Energy estimate for a friedrich system with relaxation and periodic boundary conditions

Question

I'm considering the following system of pdes $$ \partial_t u + \sum\limits_{i=1}^3 \mathcal{A}_i\partial_{i} u = -\mathcal{R} u. $$ Where the matrices $\mathcal{A}_i$ are symmetrics, $u$ is valued in $\mathbb{R}^p$, on $\Omega = \left[0,1\right]^3$ with periodic boundary conditions. The matrix $\mathcal{R}$ is diagonal with positive coefficient. And i would like to show that the energy norm of $u$ is decreasing $$\partial_t \| u \| _{L^2(\Omega)^p} \leq 0.$$ Here is what i've done so far : I took the scalar product with $u$ in $\mathbb{R}^p$ and i integrated over $\Omega$, $$ \frac{d}{dt} \frac{1}{2} \int_{\Omega} \vert u(t,x) \vert ^2 dx +\sum\limits_{i=1}^3\int_{\Omega} \left(\mathcal{A}_i \partial_i u(t,x),u(t,x) \right) dx = - \int_{\Omega} \left(\mathcal{R}u(t,x),u(t,x) \right) dx $$ And i know that i have to use the periodic boundary condition to show that $\int_{\Omega} \left(\mathcal{A}_i \partial_i u(t,x),u(t,x) \right) dx = 0$ but i'm stucked, i only managed to show that $$ \int_{\Omega} \left(\mathcal{A}_i \partial_i u(t,x),u(t,x) \right) dx = - \int_{\Omega} \left(\mathcal{A}_iu(t,x),\partial_i u(t,x) \right) dx $$ which isn't that helpful. Any help would be greatly appreciated.

Answer 1

What you've derived is helpful.

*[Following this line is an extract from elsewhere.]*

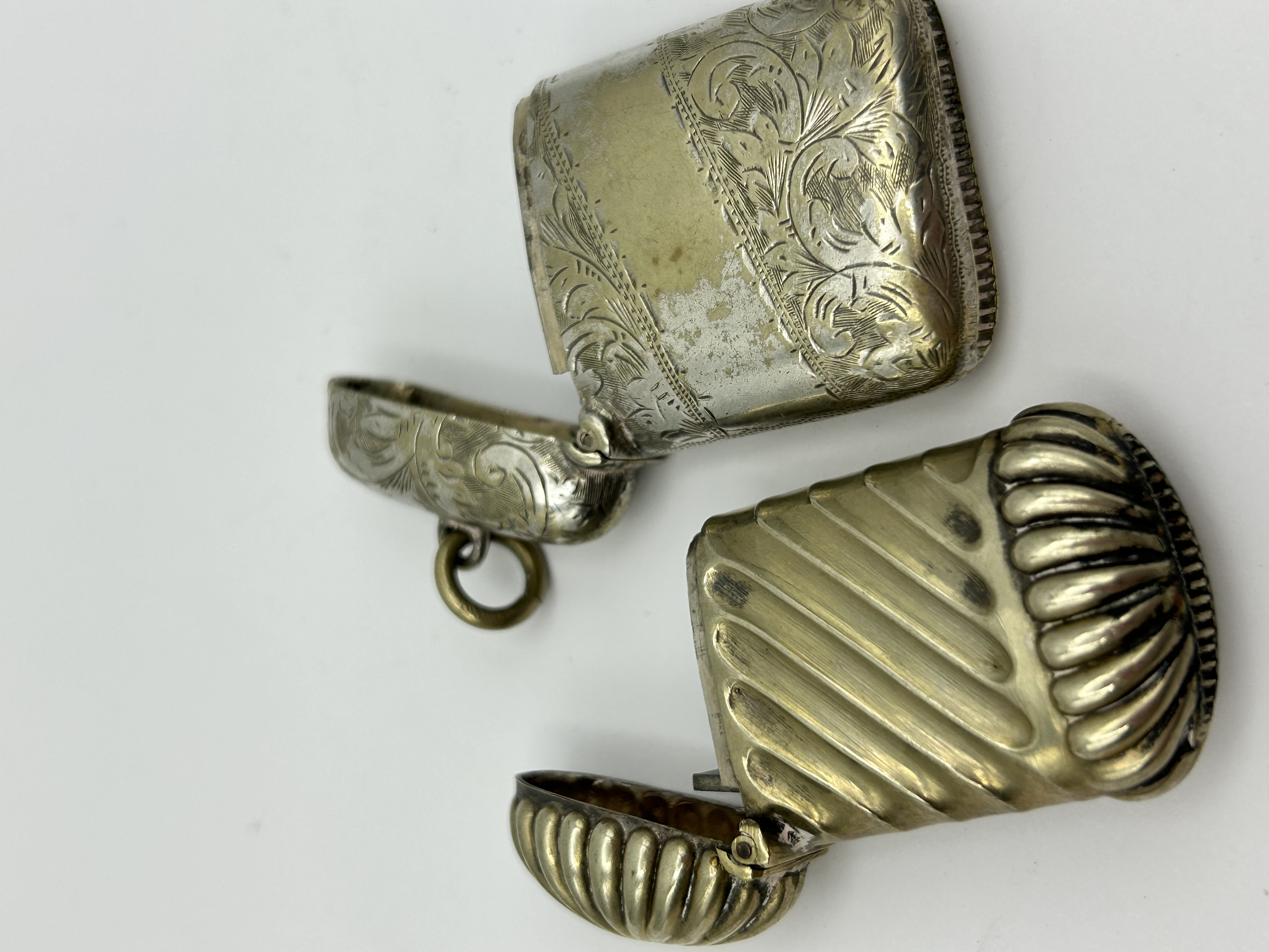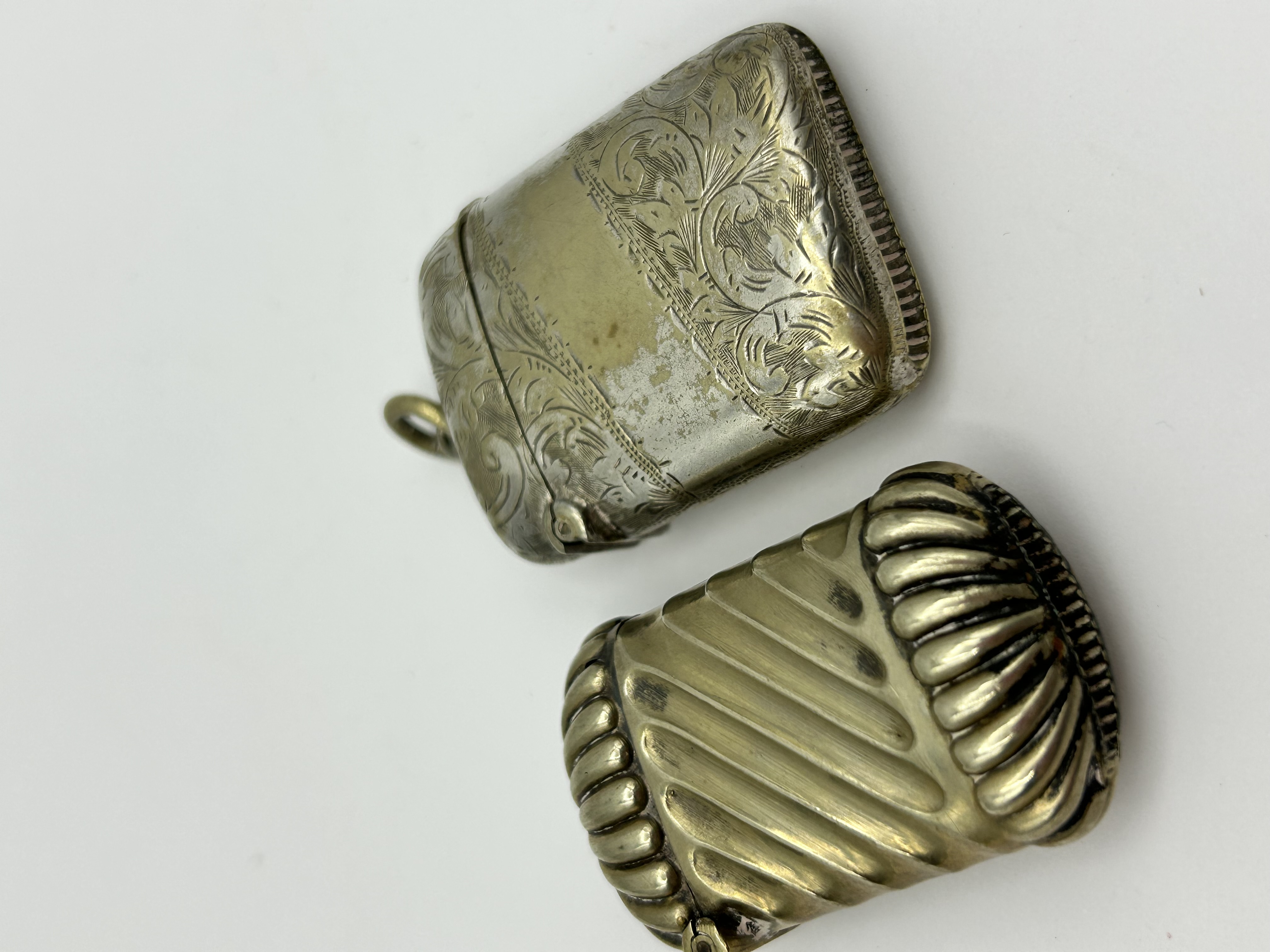 Two antique metal vesta cases. The first is a silver-toned example of rectangular form with rounded corners, decorated with engraved foliate and scrollwork motifs surrounding a central vacant rectangular cartouche. It is fitted with a side-mounted suspension ring and a hinged lid. The second case is finished in a gold-toned metal and exhibits a diagonal gadrooned pattern on the body with matching lobed detailing on the ends. Both cases are constructed with hinged lids and feature striking surfaces to the base. No hallmarks or maker’s marks are visible.

Since $\mathcal{A}_i$ is symmetric you have that $$ \int_\Omega (\mathcal{A}_i u, \partial_i u) = \int_\Omega ( u, \mathcal{A}_i\partial_i u) = \int_\Omega ( \mathcal{A}_i\partial_i u, u) $$ and so you've derived an equality of the form $X = -X$, which implies that $X=0$. Now you can conclude.